TASK DESCRIPTION
Could you reproduce, from the records below, everything from the line with "Рис. 3. Значение" down to the line with "При иммуногистохимическом исследовании", keeping both of those lines and changing nothing?

DATASET CONTENT
/---

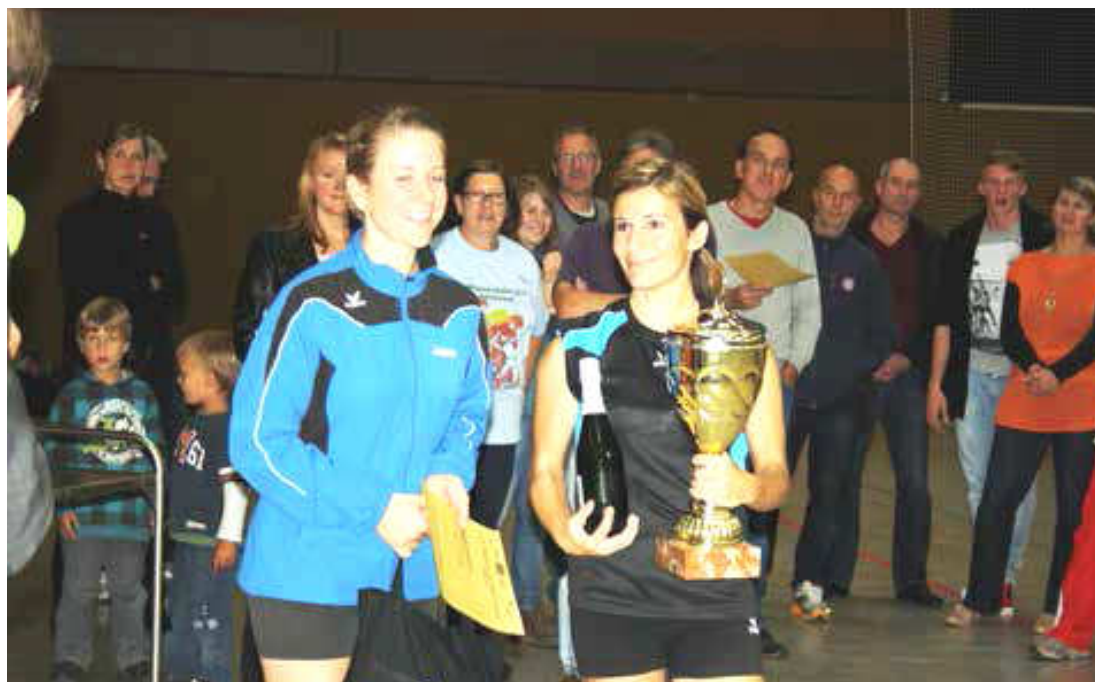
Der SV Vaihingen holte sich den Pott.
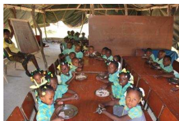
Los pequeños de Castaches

\---
/---

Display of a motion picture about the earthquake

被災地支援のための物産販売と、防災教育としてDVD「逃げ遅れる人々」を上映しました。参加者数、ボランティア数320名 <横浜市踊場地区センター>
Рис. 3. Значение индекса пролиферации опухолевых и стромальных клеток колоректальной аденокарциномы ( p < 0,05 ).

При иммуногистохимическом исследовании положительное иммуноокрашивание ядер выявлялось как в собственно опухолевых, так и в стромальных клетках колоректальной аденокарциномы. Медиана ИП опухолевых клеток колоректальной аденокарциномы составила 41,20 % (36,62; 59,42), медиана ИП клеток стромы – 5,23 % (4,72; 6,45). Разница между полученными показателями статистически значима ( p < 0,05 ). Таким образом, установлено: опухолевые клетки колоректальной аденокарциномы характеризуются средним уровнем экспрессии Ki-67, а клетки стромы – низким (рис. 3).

\---

EXERCISE OUTPUT
Рис. 3. Значение индекса пролиферации опухолевых и стромальных клеток колоректальной аденокарциномы ( p < 0,05 ).

При иммуногистохимическом исследовании положительное иммуноокрашивание ядер выявлялось как в собственно опухолевых, так и в стромальных клетках колоректальной аденокарциномы. Медиана ИП опухолевых клеток колоректальной аденокарциномы составила 41,20 % (36,62; 59,42), медиана ИП клеток стромы – 5,23 % (4,72; 6,45). Разница между полученными показателями статистически значима ( p < 0,05 ). Таким образом, установлено: опухолевые клетки колоректальной аденокарциномы характеризуются средним уровнем экспрессии Ki-67, а клетки стромы – низким (рис. 3).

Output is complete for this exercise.